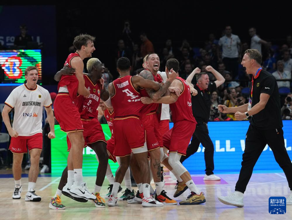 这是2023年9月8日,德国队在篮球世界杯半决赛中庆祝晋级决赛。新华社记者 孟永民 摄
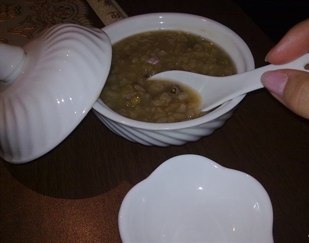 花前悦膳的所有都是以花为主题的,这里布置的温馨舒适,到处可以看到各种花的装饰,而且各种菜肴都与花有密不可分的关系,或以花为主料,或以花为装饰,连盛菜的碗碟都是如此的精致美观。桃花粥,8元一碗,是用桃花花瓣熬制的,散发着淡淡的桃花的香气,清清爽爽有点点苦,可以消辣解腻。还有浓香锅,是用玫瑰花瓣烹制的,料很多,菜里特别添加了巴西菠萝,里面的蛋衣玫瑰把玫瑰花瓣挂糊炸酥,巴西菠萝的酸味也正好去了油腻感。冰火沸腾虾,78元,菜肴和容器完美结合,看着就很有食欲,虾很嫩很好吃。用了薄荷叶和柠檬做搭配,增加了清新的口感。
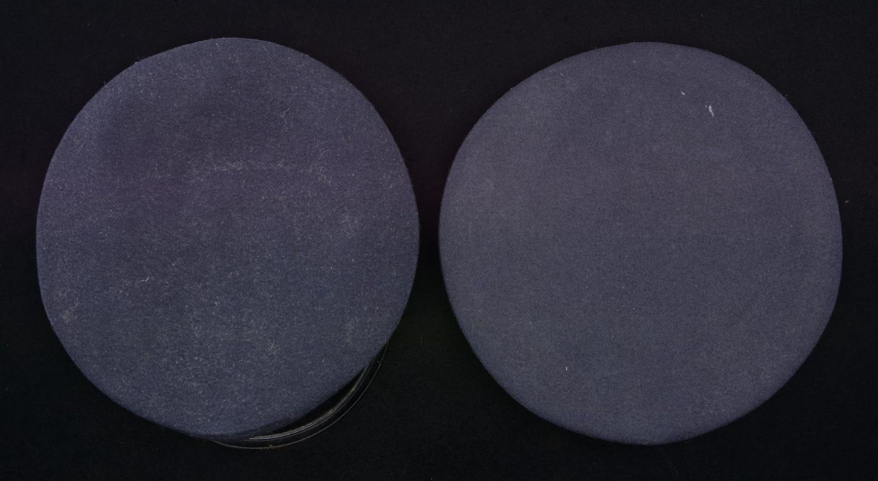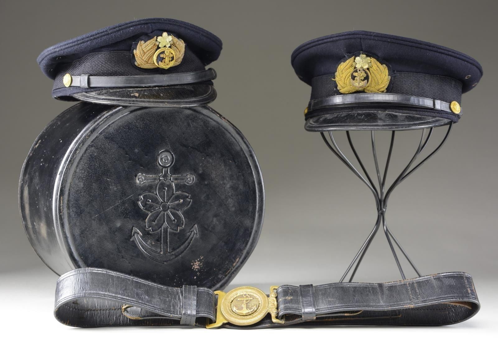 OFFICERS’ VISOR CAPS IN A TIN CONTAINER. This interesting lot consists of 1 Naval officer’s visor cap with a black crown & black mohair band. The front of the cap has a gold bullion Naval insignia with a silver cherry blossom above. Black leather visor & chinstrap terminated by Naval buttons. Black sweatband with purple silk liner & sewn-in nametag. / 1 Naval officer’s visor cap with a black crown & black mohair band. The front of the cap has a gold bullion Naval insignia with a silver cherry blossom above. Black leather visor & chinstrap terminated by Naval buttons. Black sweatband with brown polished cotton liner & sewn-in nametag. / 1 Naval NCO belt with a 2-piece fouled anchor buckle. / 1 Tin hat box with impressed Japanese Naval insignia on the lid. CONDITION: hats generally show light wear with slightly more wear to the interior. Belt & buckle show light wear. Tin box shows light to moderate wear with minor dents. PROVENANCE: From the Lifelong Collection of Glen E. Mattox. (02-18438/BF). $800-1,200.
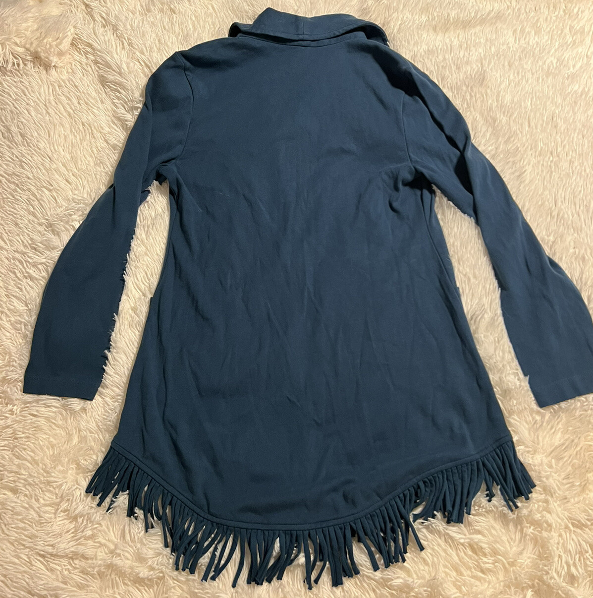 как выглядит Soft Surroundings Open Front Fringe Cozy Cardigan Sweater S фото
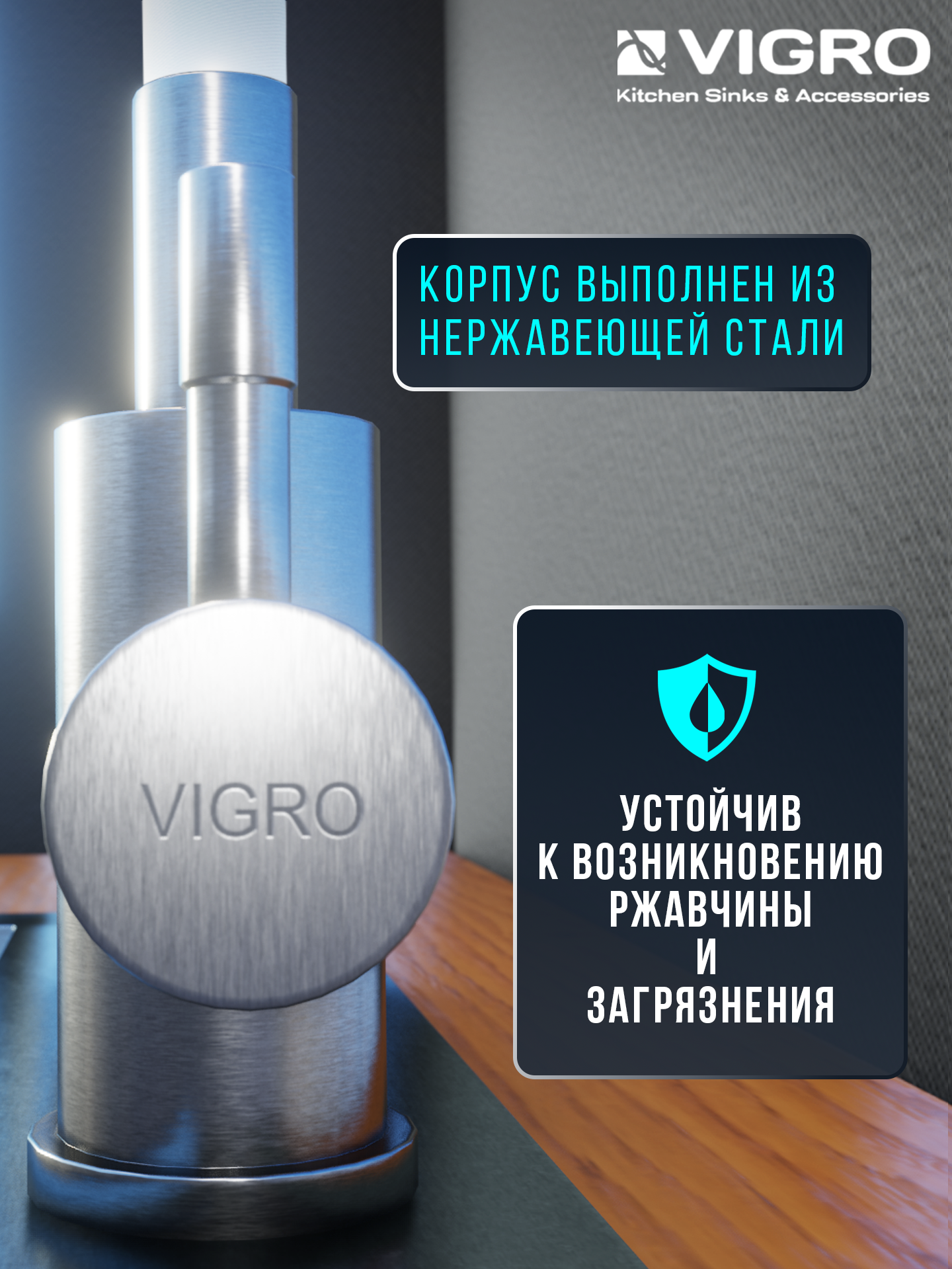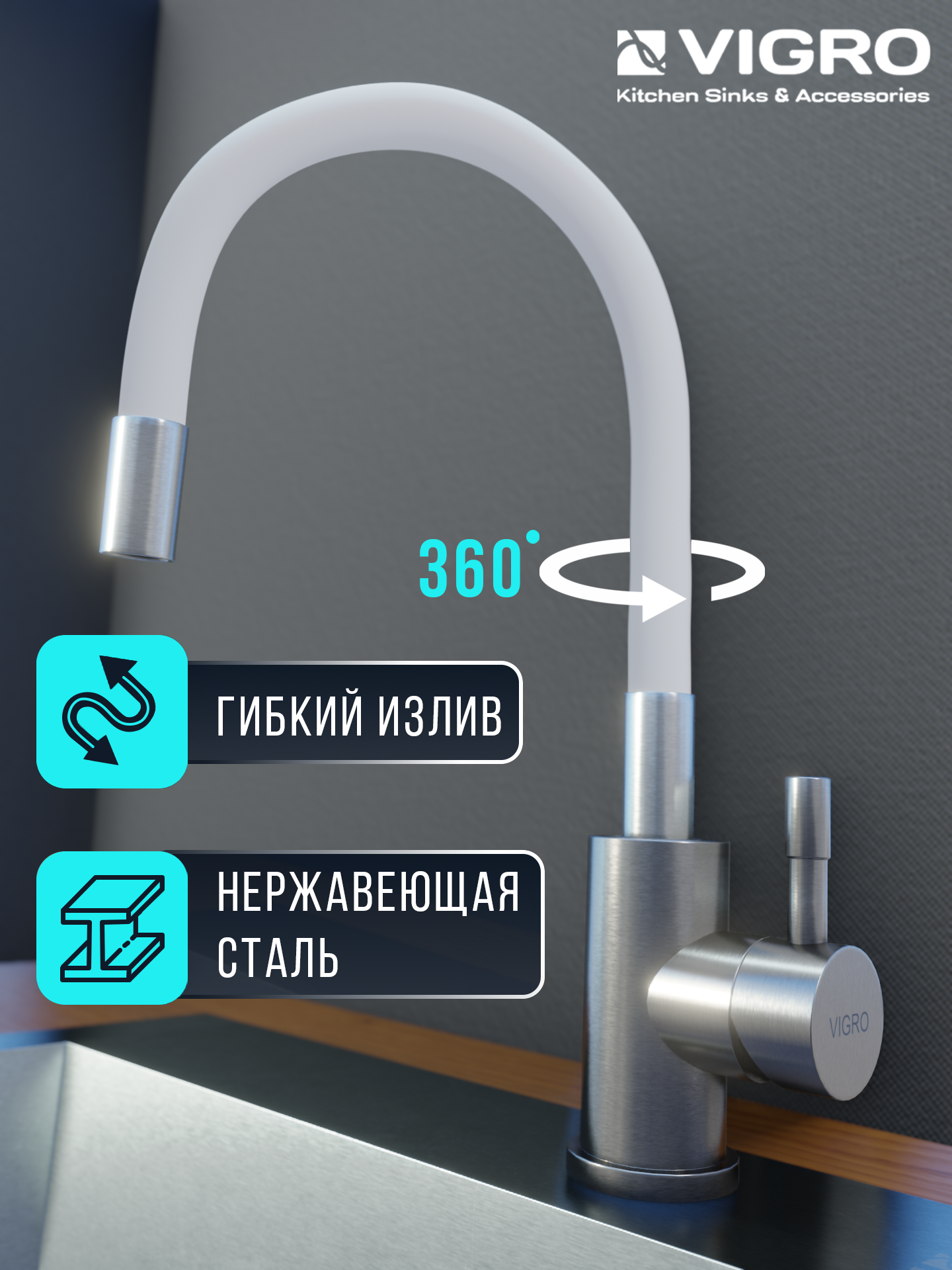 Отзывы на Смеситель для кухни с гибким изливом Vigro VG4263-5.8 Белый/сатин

→ Task brief
Any pictures should be dropped; transcribe the rest of the records above exactly.

→ Your solution
 这是2023年9月8日,德国队在篮球世界杯半决赛中庆祝晋级决赛。新华社记者 孟永民 摄
 花前悦膳的所有都是以花为主题的,这里布置的温馨舒适,到处可以看到各种花的装饰,而且各种菜肴都与花有密不可分的关系,或以花为主料,或以花为装饰,连盛菜的碗碟都是如此的精致美观。桃花粥,8元一碗,是用桃花花瓣熬制的,散发着淡淡的桃花的香气,清清爽爽有点点苦,可以消辣解腻。还有浓香锅,是用玫瑰花瓣烹制的,料很多,菜里特别添加了巴西菠萝,里面的蛋衣玫瑰把玫瑰花瓣挂糊炸酥,巴西菠萝的酸味也正好去了油腻感。冰火沸腾虾,78元,菜肴和容器完美结合,看着就很有食欲,虾很嫩很好吃。用了薄荷叶和柠檬做搭配,增加了清新的口感。
 OFFICERS’ VISOR CAPS IN A TIN CONTAINER. This interesting lot consists of 1 Naval officer’s visor cap with a black crown & black mohair band. The front of the cap has a gold bullion Naval insignia with a silver cherry blossom above. Black leather visor & chinstrap terminated by Naval buttons. Black sweatband with purple silk liner & sewn-in nametag. / 1 Naval officer’s visor cap with a black crown & black mohair band. The front of the cap has a gold bullion Naval insignia with a silver cherry blossom above. Black leather visor & chinstrap terminated by Naval buttons. Black sweatband with brown polished cotton liner & sewn-in nametag. / 1 Naval NCO belt with a 2-piece fouled anchor buckle. / 1 Tin hat box with impressed Japanese Naval insignia on the lid. CONDITION: hats generally show light wear with slightly more wear to the interior. Belt & buckle show light wear. Tin box shows light to moderate wear with minor dents. PROVENANCE: From the Lifelong Collection of Glen E. Mattox. (02-18438/BF). $800-1,200.
 как выглядит Soft Surroundings Open Front Fringe Cozy Cardigan Sweater S фото
 Отзывы на Смеситель для кухни с гибким изливом Vigro VG4263-5.8 Белый/сатин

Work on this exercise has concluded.